Convenience vs. Security

Using Android to run the non-driving parts of a car is convenient for Ford because the automaker can more of less just drop it in. 

"Technology is often easier to purchase than to develop," automotive expert Melanie Musson of AutoInsurance.org, told Lifewire via email, "and Ford has decided to stop funding their smart-feature development and instead pay for Android and Google technology."

It’s also handy for drivers. If you’re used to Android, and/or you use Google’s apps regularly, then you’ll find Ford’s infotainment system familiar. 

But this convenience comes at a cost.

"Ford owners should expect to be required to agree to the usual Google data collection..."

First, users should be cautious about the apps they allow into their car. Your phone is already a trove of data, ready to be mined by unscrupulous app makers. Android apps, just like iOS apps, contain trackers that send all kinds of data back to either the developer, or to third-party companies that pay app makers to put tracking code into their apps.

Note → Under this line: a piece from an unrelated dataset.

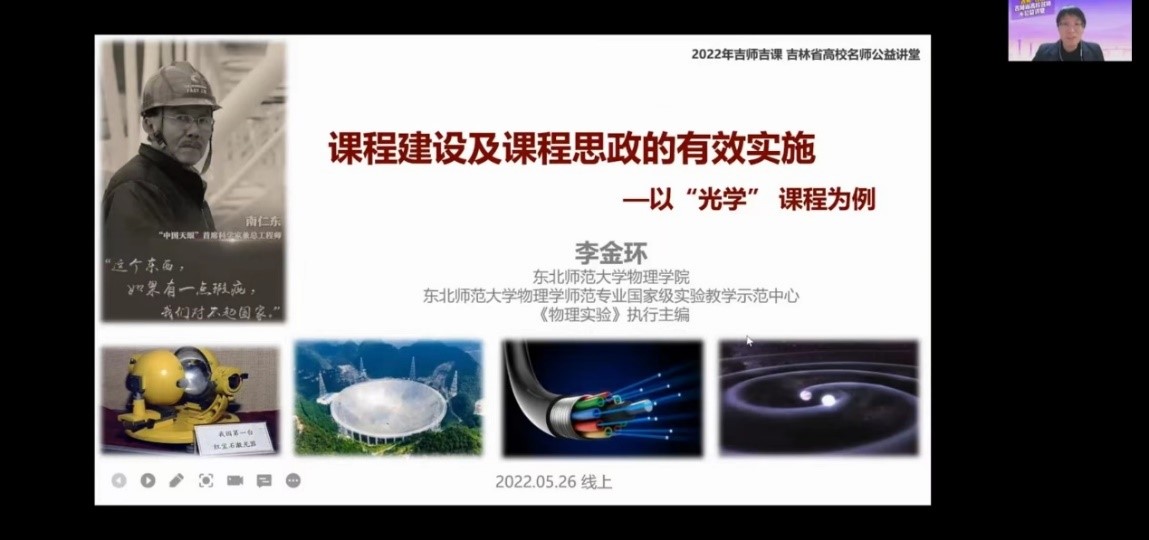 2022年5月26日,吉林省高校教师教学发展联盟推出了吉林省高校名师公益讲堂系列活动的第四十六讲,必一运动(官方网站)B·Sport-权威运动资讯网站李金环教授应邀作报告,题目为《课程建设及课程思政的有效实施——以“光学”课程为例》。李老师结合光学课程改革实例,从“对课程的认识”、“对课程思政的认识”和“课程思政的实施”等三个层面分享了从国家思政示范课程和国家一流课程等教学成果建设过程中凝练出来的宝贵经验。

Cars aren’t likely to be any worse, privacy-wise, than your phone, but given our ability to ignore privacy risks when offered convenience, they probably won’t be much better, either.

"The problem with some third-party apps is the user may not know what information the app is taking and using," says Musson.

The Google Problem

And then there’s Google itself. Like Facebook, Google’s ad business runs on the information it can collect about its users. And a car is a rich vein, with location data, entertainment choices, and so on. Ford will also be using Google as its cloud provider.

Ford promo image showing their partnership with Google
Ford

"One of the touted benefits of this joint venture is that the system will store driving data to improve the driver experience and help Ford develop better features to fit customer needs," explains Musson. "Google is not supposed to have access to this information even though it’s stored in their cloud service. The problem is that once information is stored, it can be accessed."

All it takes is an unnoticed change to the software licensing agreement, and your data is fair game.

"Google is all about collecting data from users," Chris Hauk of consumer privacy group Pixel Privacy told Lifewire via email, "so Ford owners should expect to be required to agree to the usual Google data collection in order to get the full use of their infotainment systems."